Capitalizing on controversy, Sen. Marsha Blackburn, R-Tenn., plans to sell “Define A Woman” t-shirts on her campaign website this week. According to a preview shared with The Federalist, the hot-pink shirts include a dictionary definition of the word “woman” and will sell for $35.
Blackburn took heat from the media last week for asking Kentanji Brown Jackson whether she could provide a definition of “woman” during the judge’s confirmation hearing before the Senate Judiciary Committee. Jackson, nominated to the Supreme Court by President Joe Biden, declined to define the word, replying, “I’m not a biologist.”
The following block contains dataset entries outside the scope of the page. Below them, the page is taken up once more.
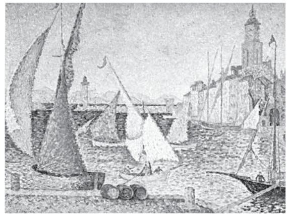
席涅克 聖托佩 油畫1897 阿諾西得美術館

看著普羅旺斯的真實影像穿插著畫家的圖像，明明知道真實的世界與畫家創作的作品是二回事，但真實的世界如此平凡，而畫作卻如此奇特，令人驚異！或是逐漸的，感到了真實世界散放的獨特魅力，因此給予畫家無窮的靈感，孕育出一件一件動人的作品；也許紀錄片所能給我們最好的，便是呈現那屬於當地的獨特魅力。這是一個值得看第二次的紀錄片系列。一個普羅旺斯地方的導演，藉著畫家的創作生涯，將他的故鄉之美呈現出來，或者說，藉著個人對故鄉的情感，傳達了他對於大師的崇敬之意。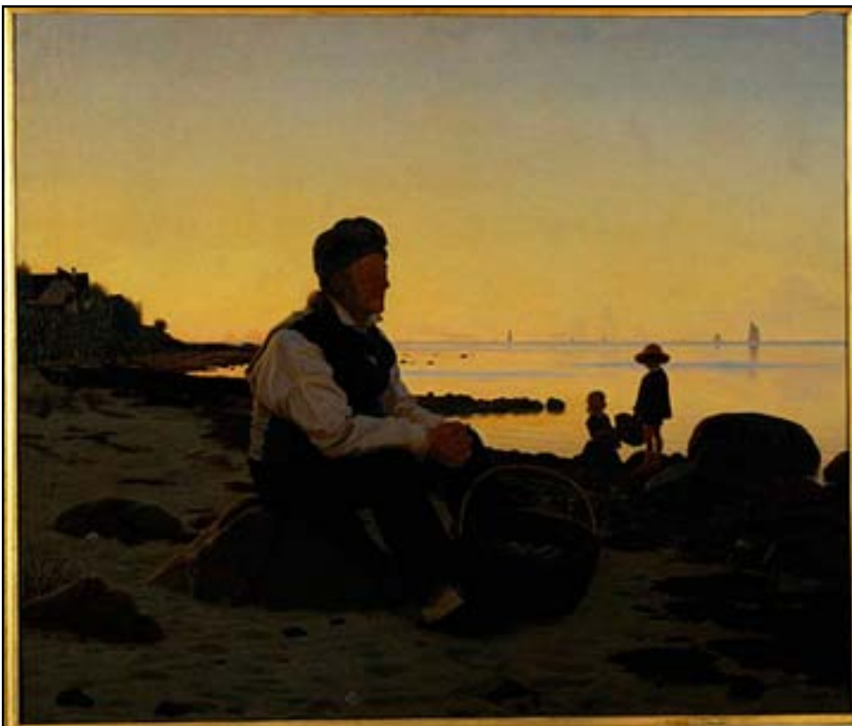
Johan Frederik Nicolai Vermehren (1823 - 1910): En gammel fisker der hviler sig på stranden efter at have samlet sten til garnet. 1858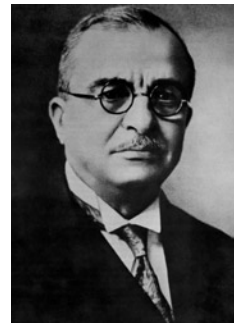
Ο πρωθυπουργός Ιωάννης Μεταξάς, πρωταγωνιστής των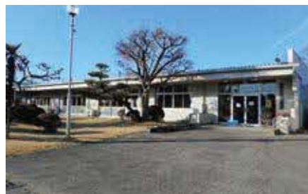
▲改修工事が行われる 生涯学習センター水橋分館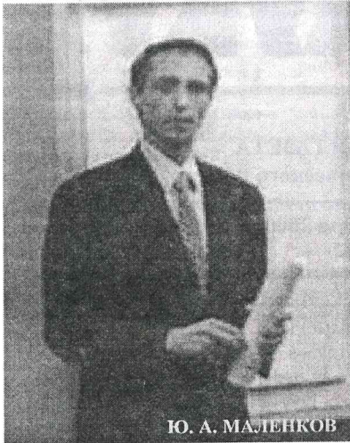
Ю. А. МАЛЕНКОВ

Asked about Blackburn’s decision to lean into the controversy, a senior GOP communications official told The Federalist, “When the lunacy of the left has infiltrated every aspect of American life — corporations, sports, media, and politics — it shouldn’t surprise anyone that Republicans are leaning into moments like this.”
“The culture war is being waged by the left on battlefields that were unthinkable just a few years ago — what is a woman, teaching sex to kindergarteners,” the GOP official continued. “Republicans are well within the mainstream for suggesting a woman is, well, a woman.”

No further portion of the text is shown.